United States District Court, D. Arizona

September 11, 2018

Robert P. Cottman, et al., Plaintiffs,
David G. Naskrent, et al., Defendants.


          Honorable John J. Tuchi United States District Judge.

         At issue is Plaintiffs Robert P. Cottman, Michael A. Baker, Daniel L. Theobald, and Stephanie Harvey's[1] (collectively, “Plaintiffs”) Motion to Proceed Conditionally as a Collective and Class Action (Doc. 26, Mot.), to which Defendants David G. Naskrent, Matthew J. Surma, Corrina Surma, Cory Lee Hughes, Corey B. Cleghorn, DPHC Enterprise Inc., and DHSC Enterprise Inc. (collectively, “Defendants”) filed a Response (Doc. 38, Resp.) and Plaintiffs filed a Reply (Doc. 43, Reply). Although oral argument was requested, the Court finds the matter ripe for resolution such argument. See LRCiv 7.2(f). For the reasons set forth below, the Court will grant in part and deny in part Plaintiffs' Motion.

         I. BACKGROUND

         Defendants are the owners and managers of Rosati's Pizza (“Rosati's”) located in Phoenix. Plaintiffs each worked at Rosati's as a pizza delivery driver at assorted points in time during periods spanning October 2012 to December 2012 and from January 2014 to January 2017.

         During Plaintiffs' time at Rosati's, Defendants required drivers to complete deliveries as assigned by Rosati's. Defendants did not pay its drivers an hourly salary. Instead, each driver received a standard fee per delivery in addition to any tip paid out by the customer.
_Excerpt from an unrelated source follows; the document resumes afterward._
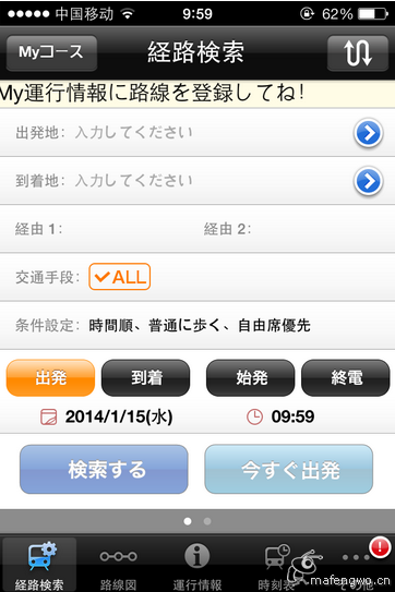出発→出发、到着→到达:在框内输入铁路站台或者巴士站台的名称。

The delivery fee started at $2 during each driver's probationary period and increased to $3 after Defendants took the driver off probation. The fee increased once again in December 2016 to $3.25 per delivery.

         After each driver was hired, he or she had to complete training, which consisted of ride-alongs with senior drivers; however, Defendants did not compensate new drivers for this time. Drivers used their own vehicles for deliveries, but were not reimbursed for mileage, fuel, or other costs incurred when delivering pizzas. When not delivering pizzas, Defendants required that Plaintiffs work in the restaurant-without additional pay-by answering phones, assisting customers, cleaning the dining room, and assisting with the preparation of food.
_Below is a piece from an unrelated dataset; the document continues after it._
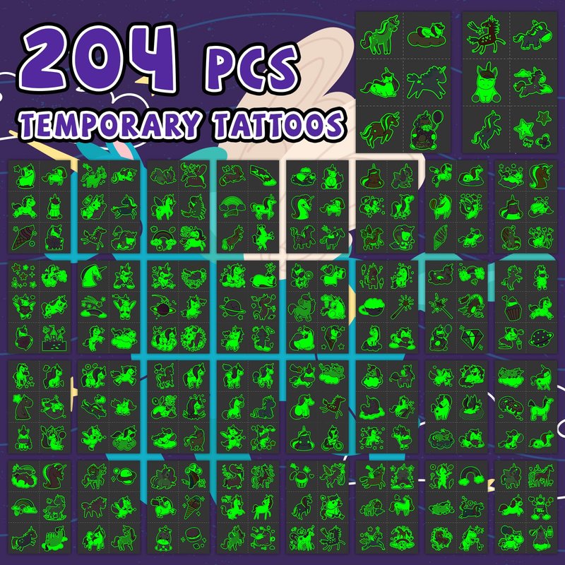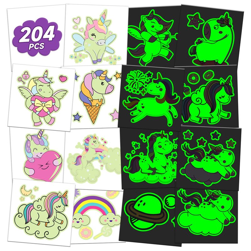 - 【Glows Temporary Tattoos Girls】204 Sheets glows tattoos for kids, these cute temporary tattoos will glows with a cool appearance and luminosity time will be affected by light and temperature, the more light it absorbs, the brighter it shines at night. Our kids temporary tattoos are an exciting choice that will elevate the fun at your gatherings.

         After completing their deliveries for the day, the delivery drivers returned to the restaurant to settle their payments for the day with the store manager or owner. If the cash that the driver received from customers during their deliveries did not cover the amount he earned in delivery fees, the manager pulled cash from the register to pay the difference.

         Beginning in 2015, if the amount paid for food ordered through a third party website was less than that charged directly by Rosati's, Defendants deducted the difference from the tip of the driver delivering the food. Defendants additionally deducted the cost of an order from the drivers' day-end pay for credit card orders if the driver failed to take an imprint of the purchaser's card and if that card was subsequently declined after delivery. These policies frequently resulted in Rosati's drivers earning less than federal and state minimum wage. Additionally, Plaintiffs typically worked in excess of forty hours per week without overtime compensation.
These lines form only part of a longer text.